711.1211/19

The Chargé in Mexico ( Summerlin ) to the Secretary of State

No. 3949

Sir: Supplementing my confidential No. 3929, of June 3, 1921, and in confirmation of the Embassy’s telegram No. 119, June 4, six P.M.,12 I have the honor to forward herewith translation of Memorandum No. 1 and its enclosure,13 and copy and translation of Memorandum No. 2. In view of Mr. Pani’s statement that Memorandum No. 1, and its enclosure, has been left at the Department, I am enclosing translations only of those papers.

I gave the Department, in my confidential telegram No. 121, of June 5, 9 A.M.,12 a condensed account of Mr. Pani’s remarks after he had read the Memorandums to me.

On June 6th, upon receipt of the Department’s confidential telegram No. 83, June 6, 5 P.M., I sought an interview with Mr. Pani. I transmitted verbally the Department’s request for information as to what specific action was contemplated by the three branches of the Government of the present regime looking to the adequate protection of American interests. Mr. Pani asked for a memorandum of the subject after I had requested a reply as soon as possible. I also furnished him with a paraphrased résumé of my telegram No. 12112 to the Department, as I had promised to do.

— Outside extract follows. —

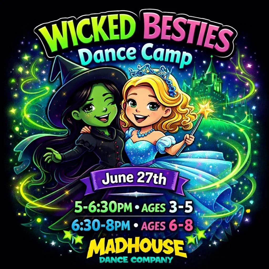 Wicked Besties Dance Camp is a high-energy, themed experience inspired by powerful characters, storytelling, and dynamic movement. Dancers will explore performance, expression, and confidence through fun choreography and interactive activities.
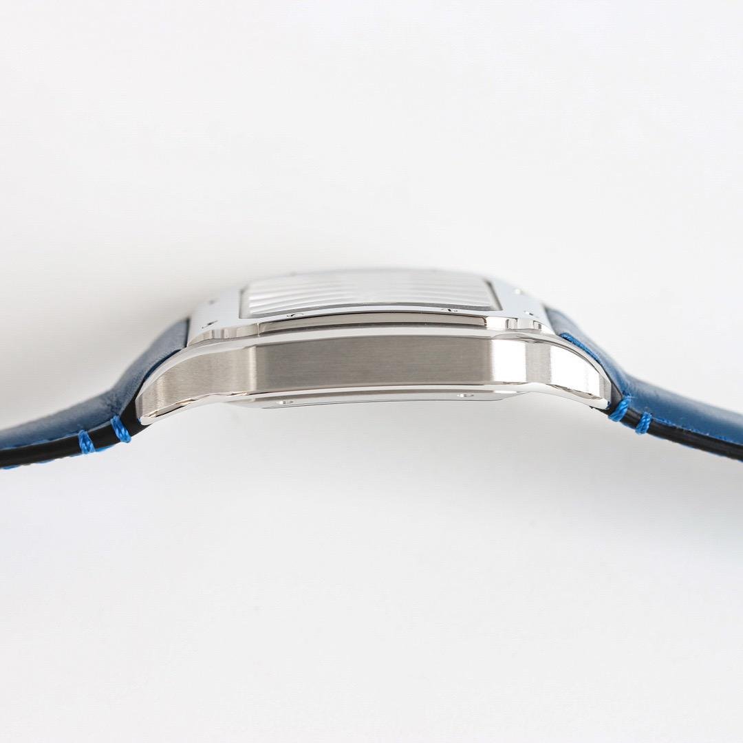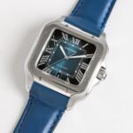 Cartier Santos Down Silver Blue Dial Watch Blue Leather Strape

Late yesterday afternoon I received an informal communication from Mr. Pani, enclosing a memorandum of his remarks made on the fourth instant. This appeared to be a revision, or as he stated, a “modification”, of those remarks. I am enclosing herewith a copy and translation of this memorandum. Evidently, Mr. Pani considered that this revision and amplification of his remarks was sufficient to meet my request for information as to what specific action was contemplated, as he said, by the Executive, by the Congress, and by the Supreme Court.

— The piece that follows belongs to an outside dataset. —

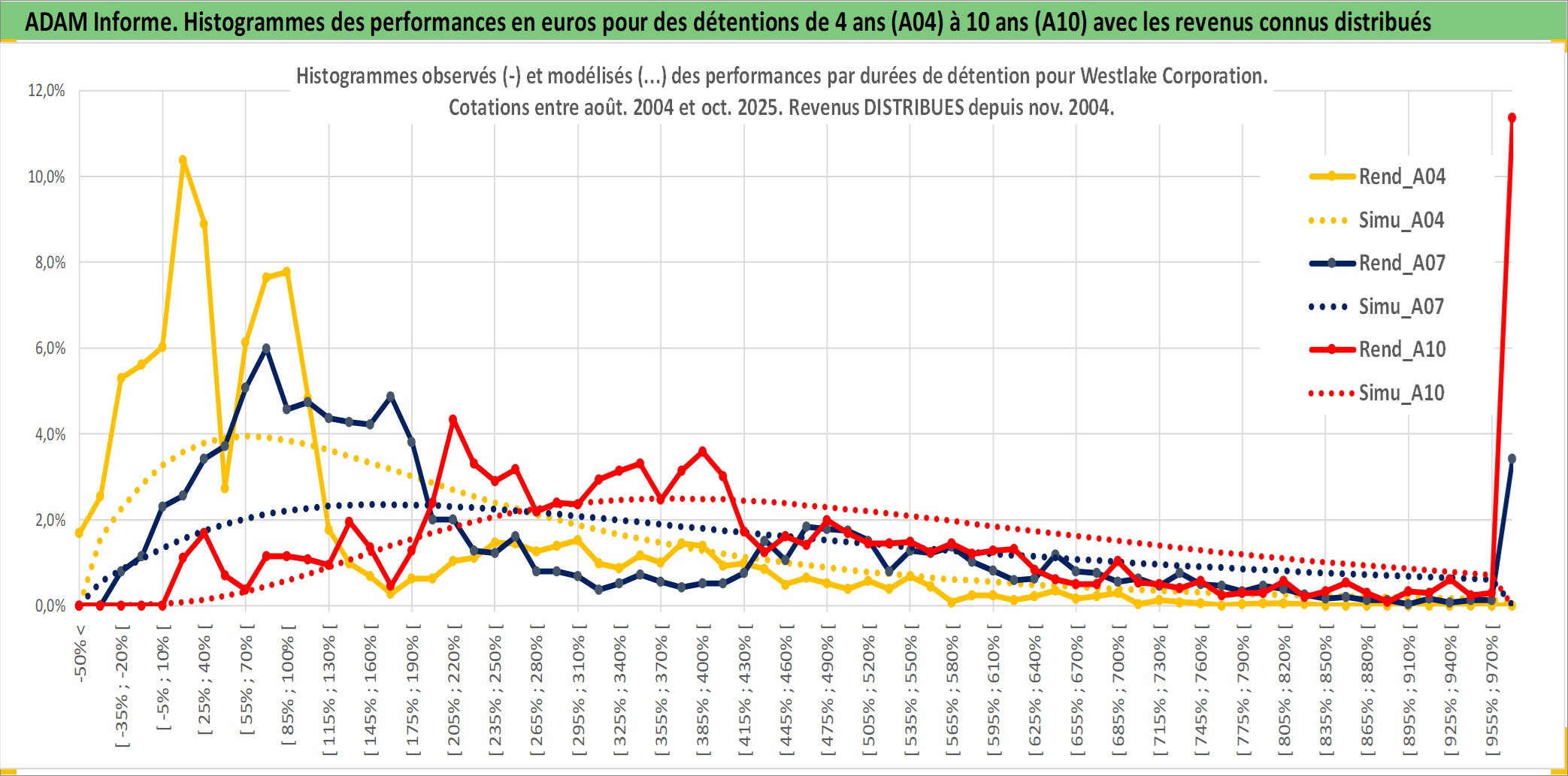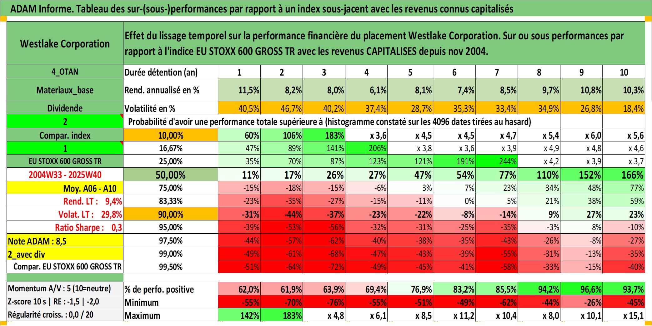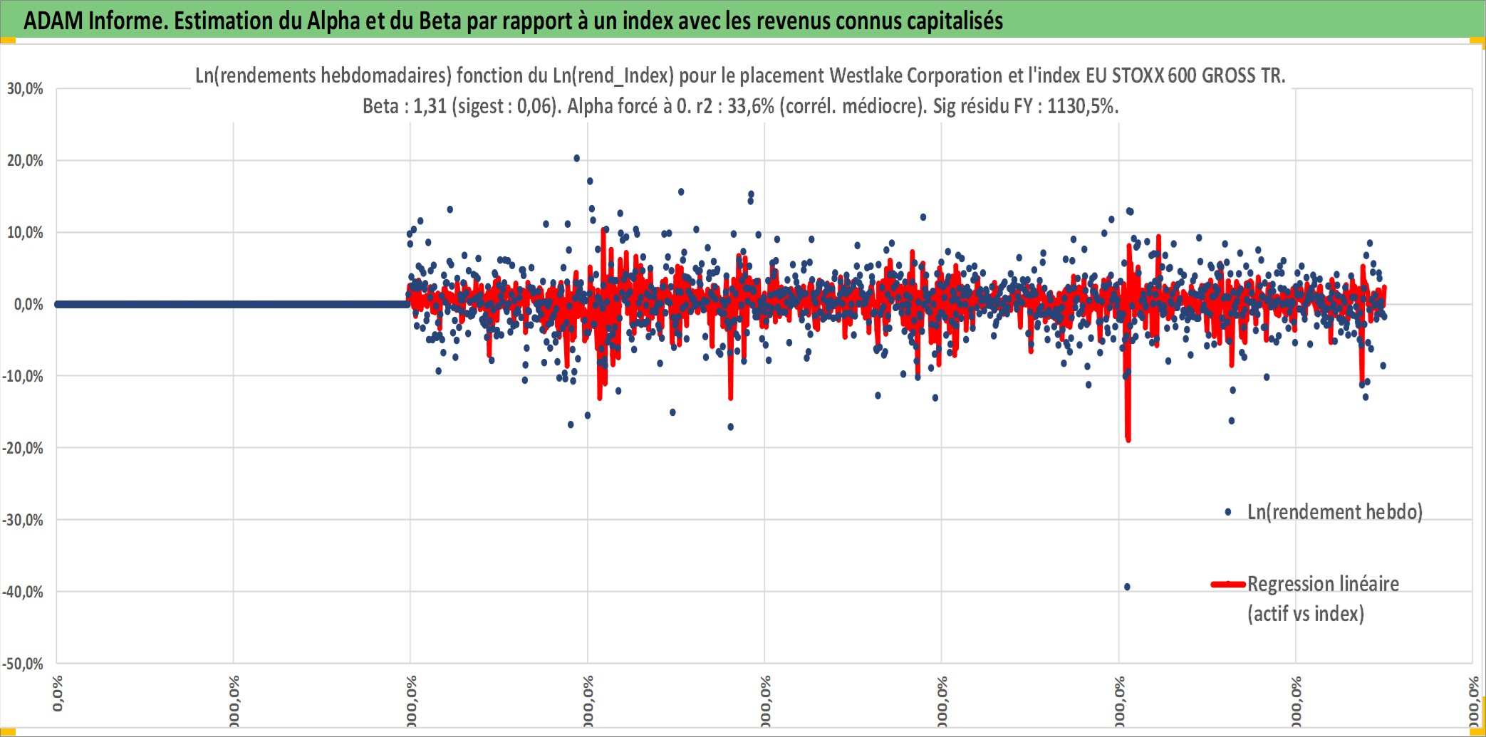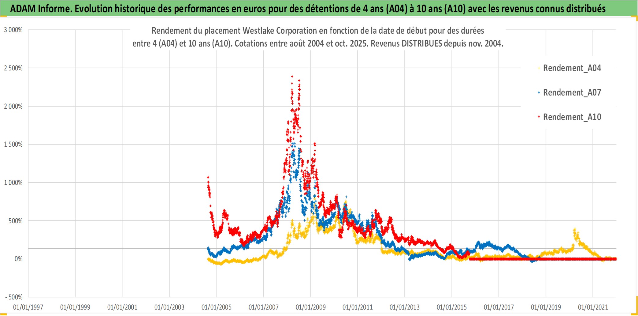 Site dédié aux investisseursPage dédiée sur site financeAnalyse des valorisations hebdomadaires de l'action Westlake Corporation. Cet actif est cote en USD. Les valorisations sont en contrevaleur EURO et couvrent les semaines 2004W33 a 2025W40. Les revenus de cet actif financier sont pris en compte depuis la semaine 2004W47. La note globale ESG de cet actif est estimee a 5.0 (apres rebasage entre 0 et 20).

At once, I endeavored to make an appointment with him, but I was unable to see him until noon today, when he dictated the three specific actions reported in my telegram, No. 134, 3 P.M. today.14 It appears that General Obregón now proposes to make use of the Extraordinary Powers conferred on the Executive, by the law of May 8, 1917, to promulgate a Law of Claims, in which, Mr. Pani says, provision will be made for a mixed claims commission. Mr. Pani’s statement as to the declarations made by “the President of [Page 409] the Republic” are those made by General Obregón on April 3rd [2d] last.15 These declarations were reported in full by the Embassy, and are referred to briefly on page 4 of the accompanying Memorandum No. 1. I am unable to attach the importance to the reported declarations of individuals of the Chamber of Deputies, whether members of Petroleum Committees, or not, that Mr. Pani does. The statements he referred to were made more than two months ago, but I have not been able to learn that there has been even an informal report made by either of the two Petroleum Committees. Nor may any action by the Congress be expected, in the near future, unless very strong pressure is immediately brought to bear on the members of the Congress, and it is a question whether General Obregón feels himself strong enough to attempt to do this.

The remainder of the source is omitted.